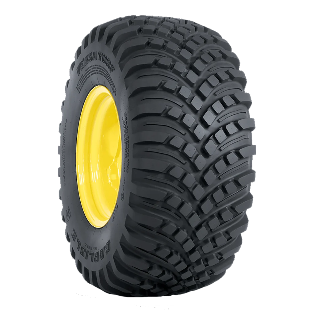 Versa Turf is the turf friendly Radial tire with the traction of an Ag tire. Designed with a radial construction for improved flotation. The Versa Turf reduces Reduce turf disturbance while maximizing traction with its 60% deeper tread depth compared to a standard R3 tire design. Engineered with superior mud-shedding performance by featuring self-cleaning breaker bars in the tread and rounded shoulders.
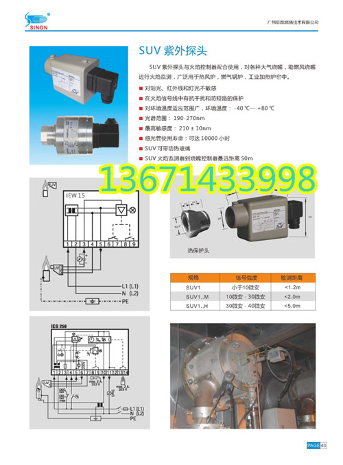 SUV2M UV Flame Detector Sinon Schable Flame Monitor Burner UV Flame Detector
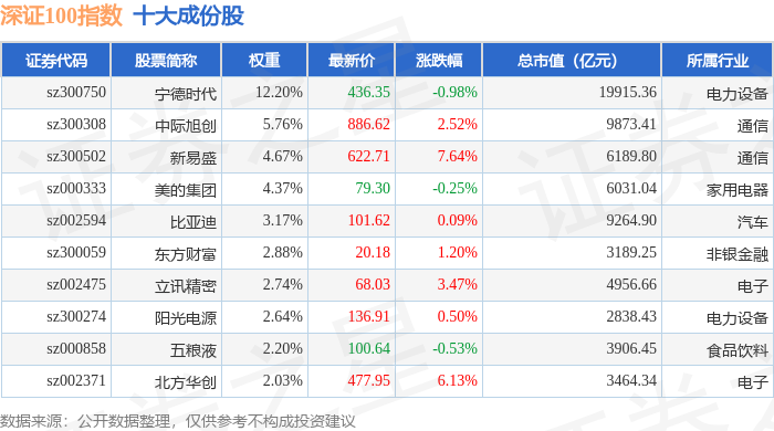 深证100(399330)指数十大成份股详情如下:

━━━━━━━━━━━━━━━━

Instructions to follow →
All of the material goes into the answer exactly as it stands, except for the pictures.

Written answer →
 Versa Turf is the turf friendly Radial tire with the traction of an Ag tire. Designed with a radial construction for improved flotation. The Versa Turf reduces Reduce turf disturbance while maximizing traction with its 60% deeper tread depth compared to a standard R3 tire design. Engineered with superior mud-shedding performance by featuring self-cleaning breaker bars in the tread and rounded shoulders.
 SUV2M UV Flame Detector Sinon Schable Flame Monitor Burner UV Flame Detector
 深证100(399330)指数十大成份股详情如下:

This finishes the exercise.